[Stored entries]
■ ■ ■ ■ ■ ■ ■

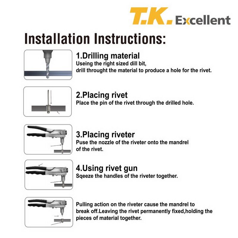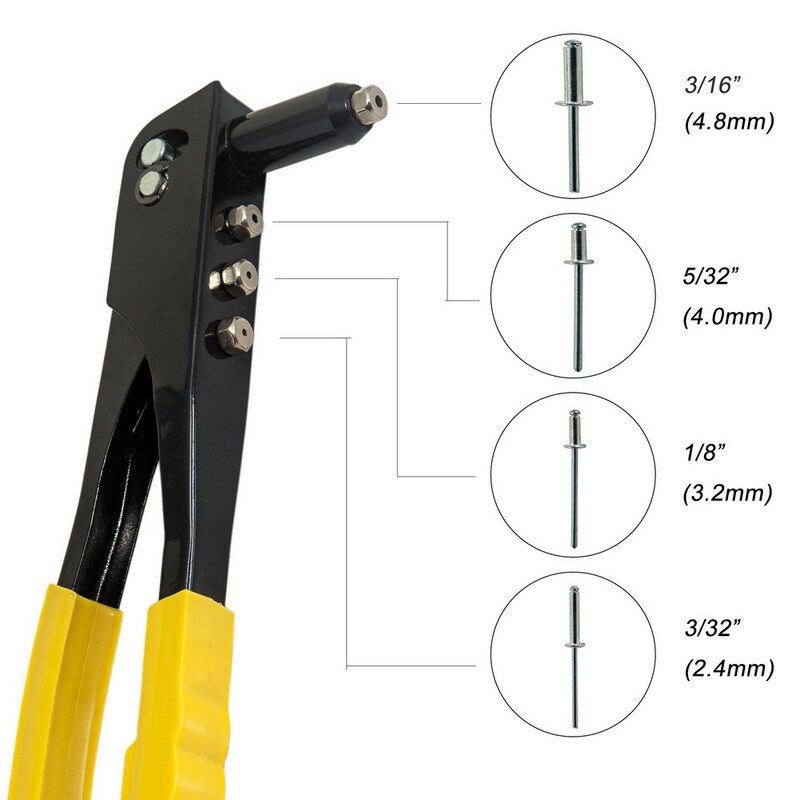You have everything you need to start using this remarkable tool immediately. Can handle just about any of the most common sizes of plastic and metal for sturdy, reliable rivet fasteners. Blind rivets can be used for different purposes at home and workplace. These fasteners attach metal sheets together so easily and effectively. The rivet body is made of aluminum, which length 235mm. Assembly applications include office furniture, mobile homes, public transportation, plastic components, electrical engineering, and lighting. Specially designed tool is used to draw the mandrel into the rivet. Used to secure two or more components together. This set includes one tacklife hand riveter comes with, wrench store in handle and four mounted nosepieces, in 3/32"(2.4mm), 1/8"(3.2mm), 5/32"(4.0mm) and 3/16"(4.8mm). Also have two size of aluminum dome blind rivets: 3.2*10mm and 4.0*13.5mm.
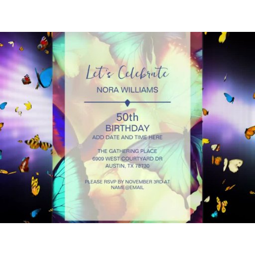 Etiquetas de comida personalizadas para a sua festa de aniversário. Design de aniversário da borboleta. Cores iridescentes. Use a modelo para personalizar o nome, o convidado de honra e os detalhes do evento.
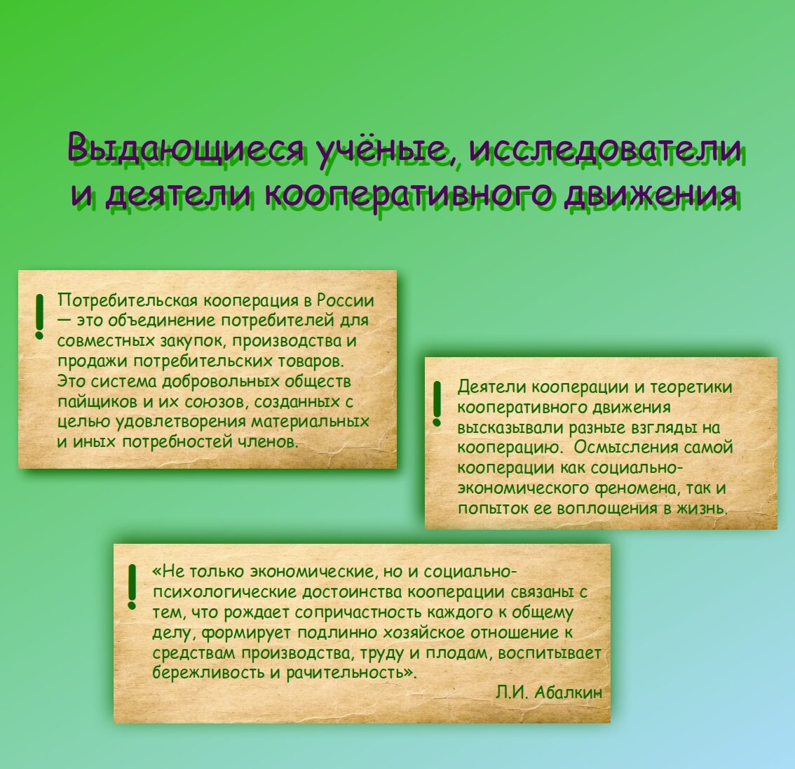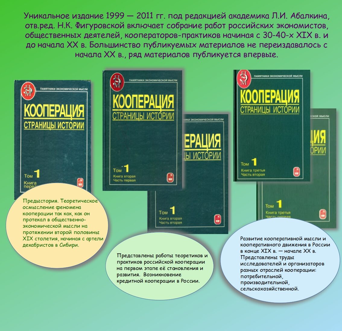 Вопросы истории кооперативного движения в России нашли глубокое отражение в трудах отечественных учёных. Исследования были посвящены различным аспектам развития кооперации: экономическим, социальным, правовым, культурным. Теоретики кооперативного движения — А.В. Чаянов, М.И. Туган-Барановский, И.Х. Озеров и другие — внесли неоценимый вклад в разработку общей теории кооперации и осмысление её роли в экономической жизни страны.
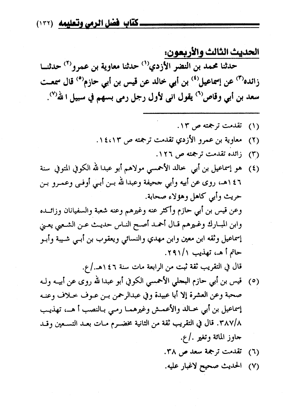 45 - حَدَّثَنَا مُحَمَّدُ بْنُ النَّضْرِ، حَدَّثَنَا مُعَاوِيَةُ بْنُ عَمْرٍو، حَدَّثَنَا زَائِدَةُ، عَنْ إِسْمَاعِيلَ بْنِ أَبِي خَالِدٍ، عَنْ قَيْسِ بْنِ أَبِي حَازِمٍ، قَالَ: سَمِعْتُ سَعْدَ بْنَ أَبِي وَقَّاصٍ، يَقُولُ: «§إِنِّي لَأَوَّلُ رَجُلٍ رَمَى بِسَهْمٍ فِي سَبِيلِ اللَّهِ»
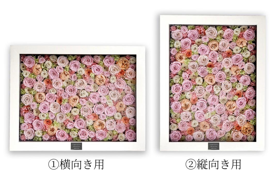 MATERIAL:プリザーブドフラワー(ローズ、アジサイ、グリーン)/フレーム(アルミ複合板、MDF、透明アクリル、吊り金具、吊り紐、直掛け用ビス付き/日本製)
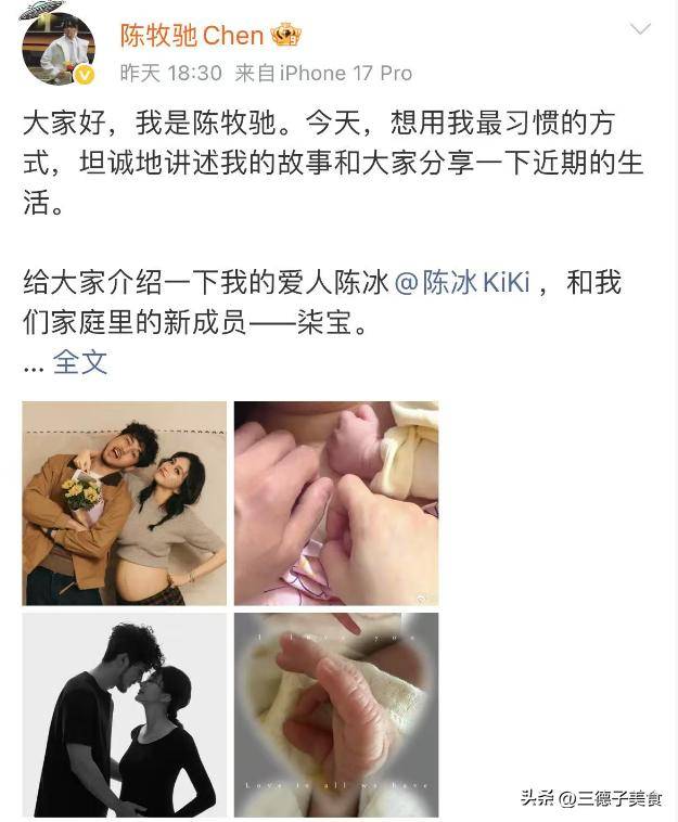 3月28日,陈牧驰正在社媒上发长文,“官宣”了自身的恋人陈冰,和家庭新成员儿子“柒宝”。
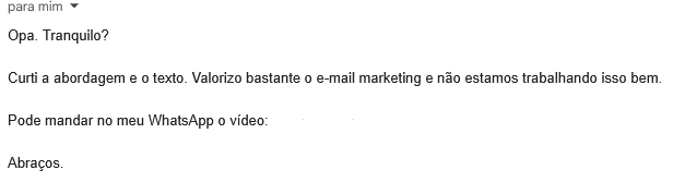Nada melhor do que receber uma resposta positiva quando tá prospectando, certo? Errado. Melhor do que isso é receber uma resposta positiva + acertar a dor do prospect. Bingo! Saca só essa resposta que recebi: Esse é o meu cliente ideal: Valoriza o email, sabe que precisa e quer melhorar isso. 🥳🥳🥳🥳 Motivo de festa por aqui. Tive uma reunião com esse cliente pra eu explicar todos os detalhes de como funciona o meu trabalho e como eu poderia ajudar. E também ouvi as necessidades dele e do que...
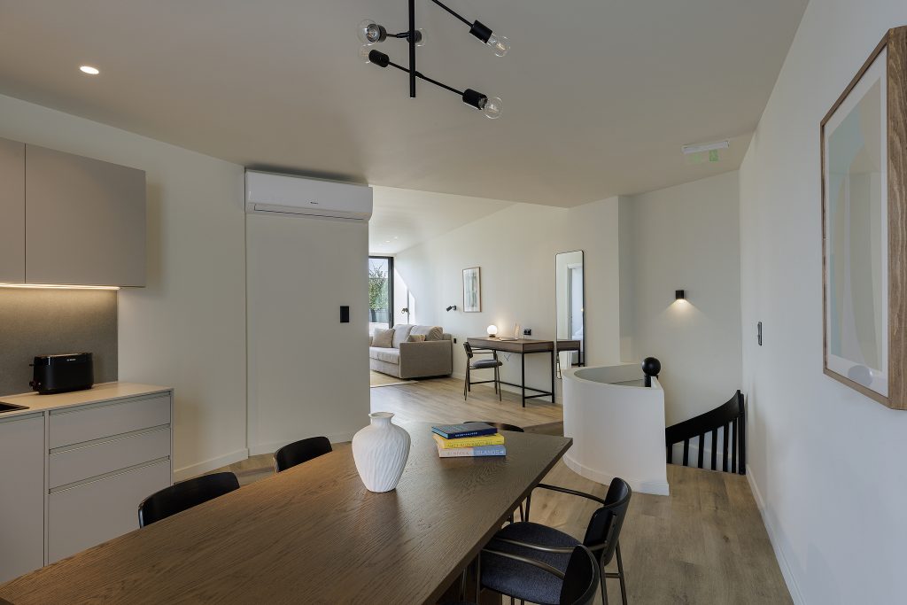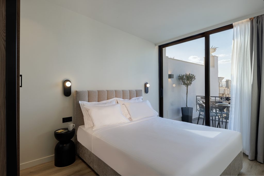 Los apartamentos en master Plaka Atenas están diseñados para ofrecer una combinación armoniosa de estilo y funcionalidad, creando un refugio sereno dentro del vibrante entorno de la ciudad. Cada uno de los 14 apartamentos refleja una estética moderna y minimalista, con líneas limpias, tonos neutros y mobiliario cuidadosamente seleccionado para transmitir calma.
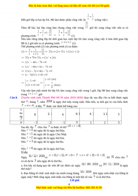 Vậy nếu làm một mình thì lớp 9A làm xong công việc trong 5 giờ, lớp 9B làm xong công việc trong giờ Câu 8.
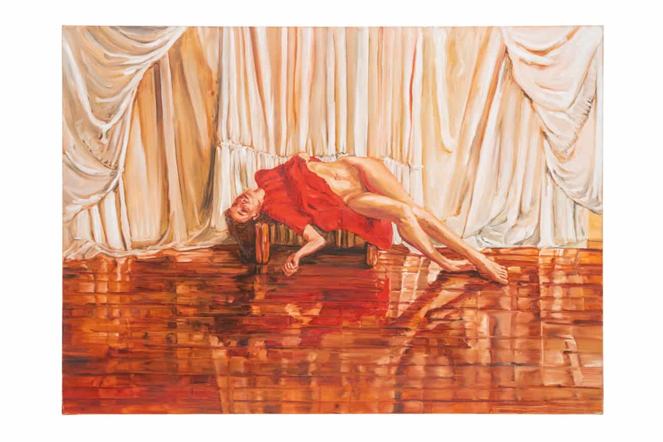 Tra tendaggi e porte socchiuse, da cui filtra appena la luce, o in interni sontuosi e claustrofobici, sono i gesti, gli spasmi, le cinghie tenute tra i denti a turbarci. Oppure case divorate dalle fiamme, come avviene solo negli incubi; volti straniati, o assenza di volto, in torsi dalla tensione acuita. Giovani che si spogliano, con una pudicizia antica e sapiente; corpi disperatamente posseduti da un maleficio lontano.
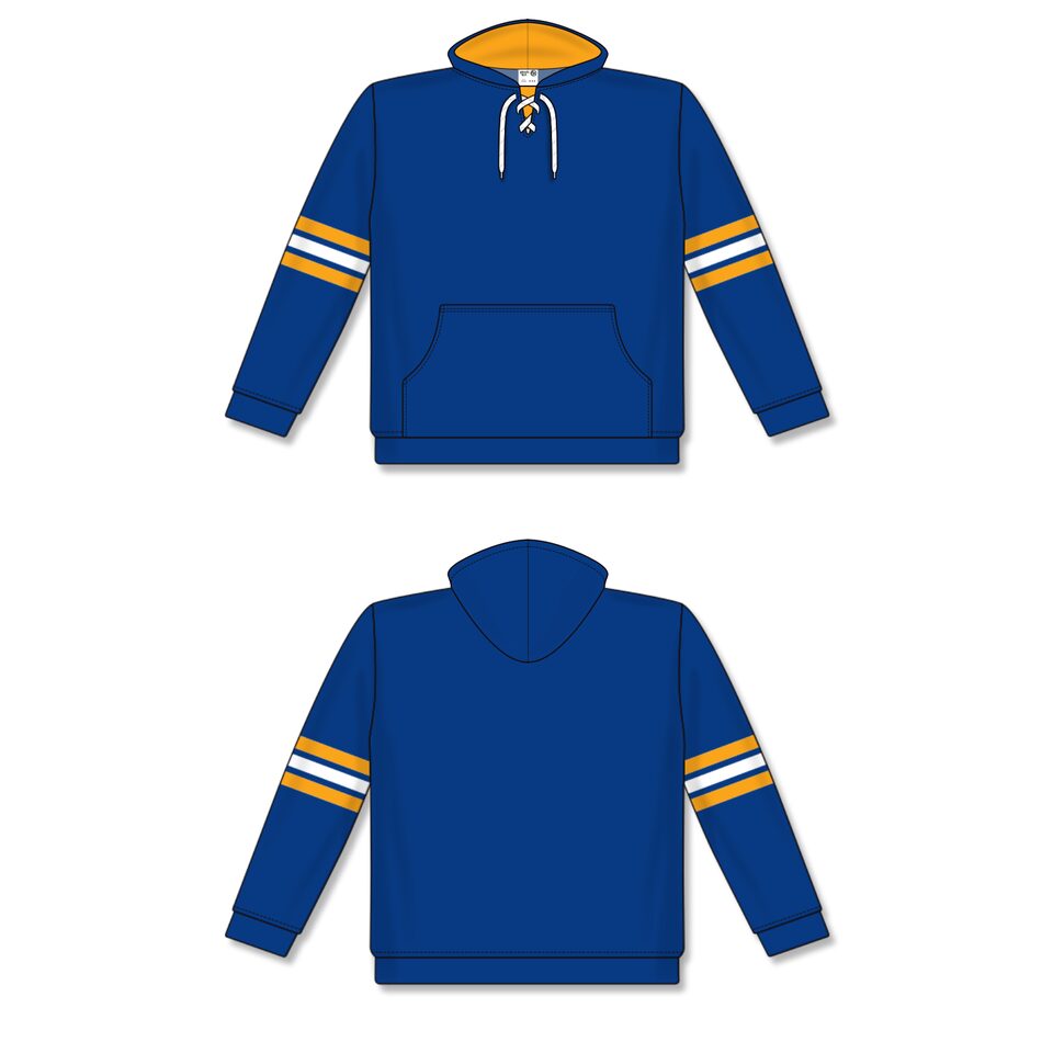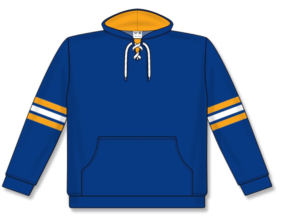 The A1845 Apparel Sweatshirt is made of polyfleece, a polyester fleece fabric that is soft hand, with a smooth exterior texture and warm fleece interior. This apparel sweatshirt is royal/gold/white but many other colours are available on our website. It is available in youth & men's sizes.
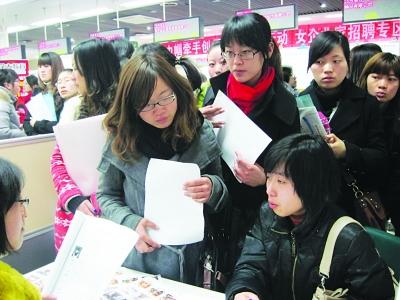昨天的這場招聘會是女大學生專場,雖然并不阻攔男生入場,但記者在現場看到,前來應聘的基本上是清一色的“娘子軍”,盡管偶爾也能看到男生的身影,但一問才知道,他們幾乎都是來“打醬油”的。男生小吳就是其中一位,“我就是幫女朋友來投簡歷的,”他告訴記者,女朋友臨時有事來不了,于是就托他代投。而另一位男生周同學則顯得有點窘迫,笑著對記者坦稱“鴨梨很大”:“起初我并不知道是女生專場招聘會,在路上聽同學說有招聘會,就回學校拿了幾份簡歷趕過來。結果進門一看就傻眼了。”不過好不容易來了一趟,小周還是頂著“鴨梨”在招聘會場轉了一圈,“我學的是市場營銷,總共投了三份。”
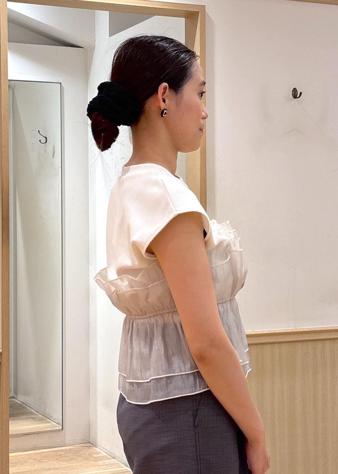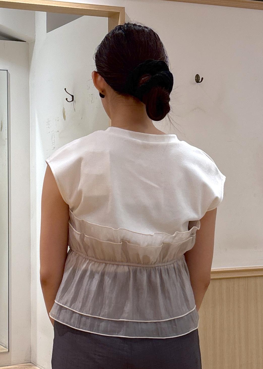 旬なレイヤードスタイルが叶う!ビスチェドッキングフレンチスリーブプルオーバー【洗える】
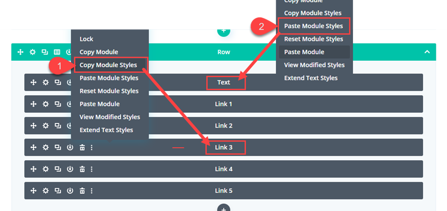 Quindi, per accelerare il design, copia gli stili dei moduli del modulo di testo per Link 3 e incolla quegli stili del modulo nel nuovo modulo di testo.
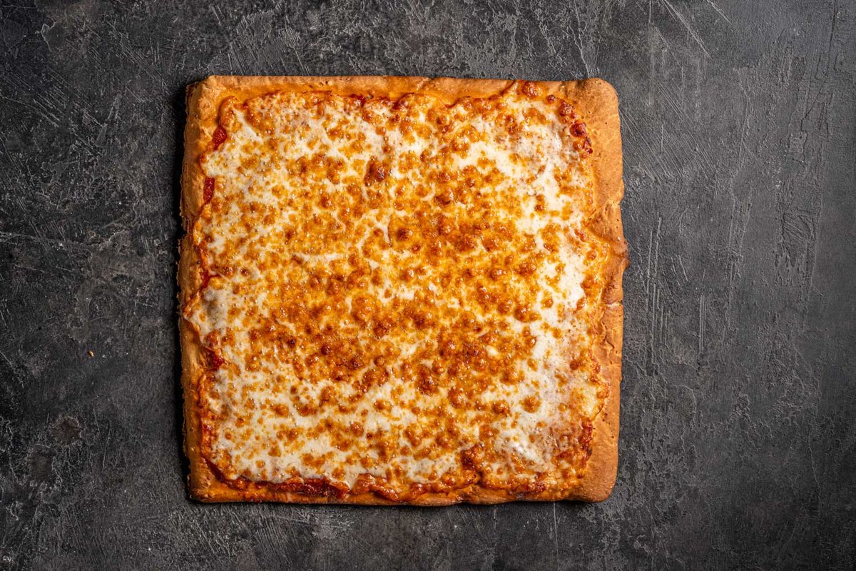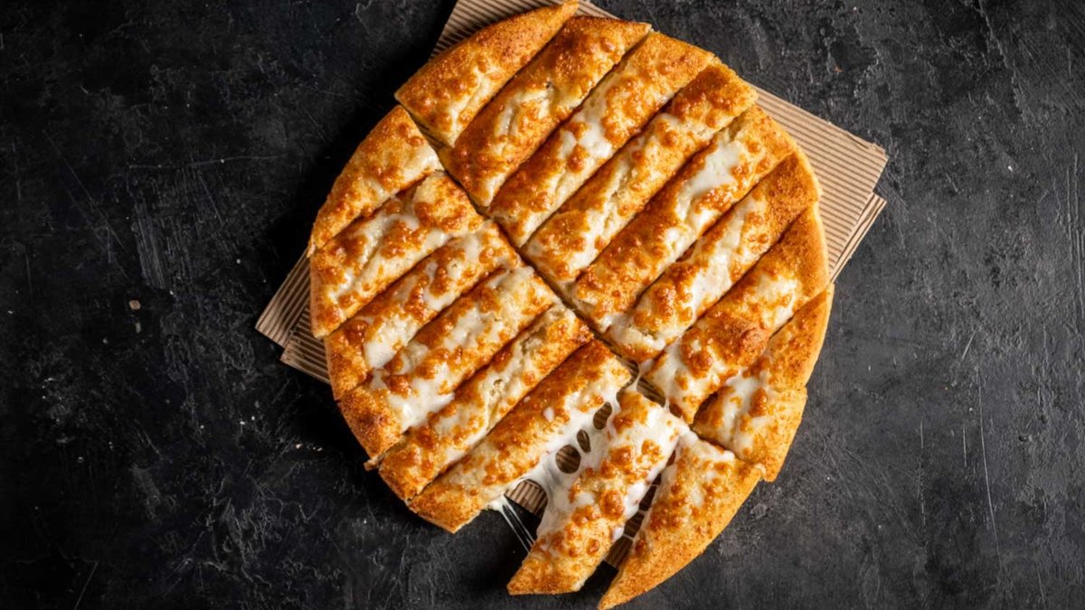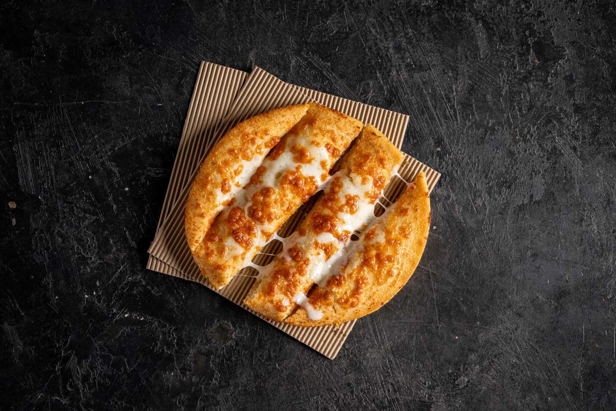 פיצה מבצק דק עם 28 נגיסי גבינת מוצרלה בשוליים, שומשום, קצח ושום. ניתן להוסיף תוספות בתשלום
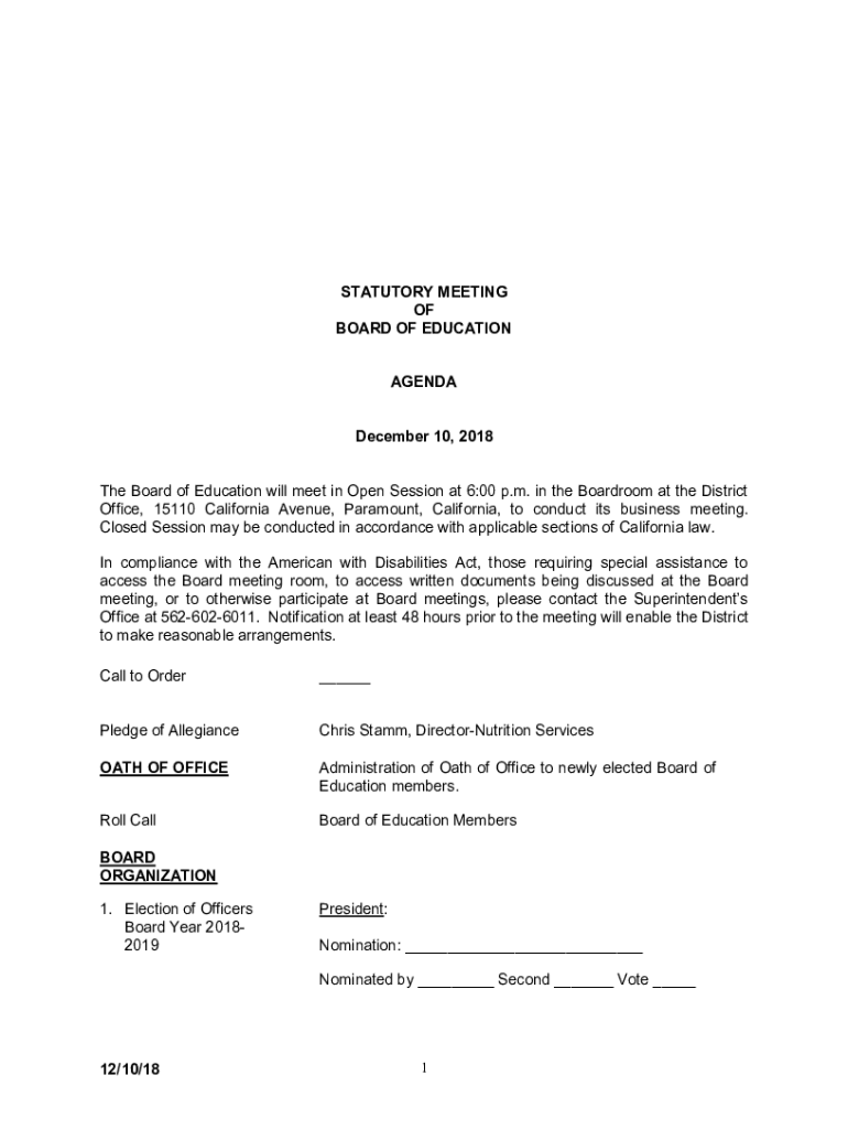 STATUTORY MEETING OF BOARD OF EDUCATION AGENDA December 10, 2018, The Board of Education will meet in Open Session at 6:00 p.m. in the Boardroom at the District Office, 15110 California Avenue, Paramount,
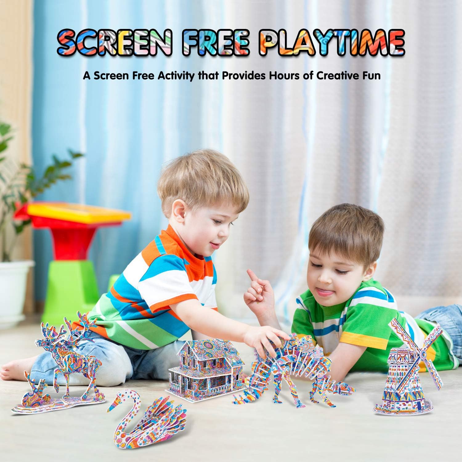BEARUN 3D Coloring Puzzle Set, Arts and Crafts for Girls and Boys Age 6 7 8 9 10 11 12 Year Old, Fun Educational Painting Crafts Kit with Supplies for Kids, Birthday Toy Gift for Kids

■ ■ ■ ■ ■ ■ ■

**Task requirements**
Pictures are to be left out. Write out only the lines above starting at the one with "Los apartamentos en" and ending at the one with "Tra tendaggi e", both lines included, exactly.

**Completed task**
 Los apartamentos en master Plaka Atenas están diseñados para ofrecer una combinación armoniosa de estilo y funcionalidad, creando un refugio sereno dentro del vibrante entorno de la ciudad. Cada uno de los 14 apartamentos refleja una estética moderna y minimalista, con líneas limpias, tonos neutros y mobiliario cuidadosamente seleccionado para transmitir calma.
 Vậy nếu làm một mình thì lớp 9A làm xong công việc trong 5 giờ, lớp 9B làm xong công việc trong giờ Câu 8.
 Tra tendaggi e porte socchiuse, da cui filtra appena la luce, o in interni sontuosi e claustrofobici, sono i gesti, gli spasmi, le cinghie tenute tra i denti a turbarci. Oppure case divorate dalle fiamme, come avviene solo negli incubi; volti straniati, o assenza di volto, in torsi dalla tensione acuita. Giovani che si spogliano, con una pudicizia antica e sapiente; corpi disperatamente posseduti da un maleficio lontano.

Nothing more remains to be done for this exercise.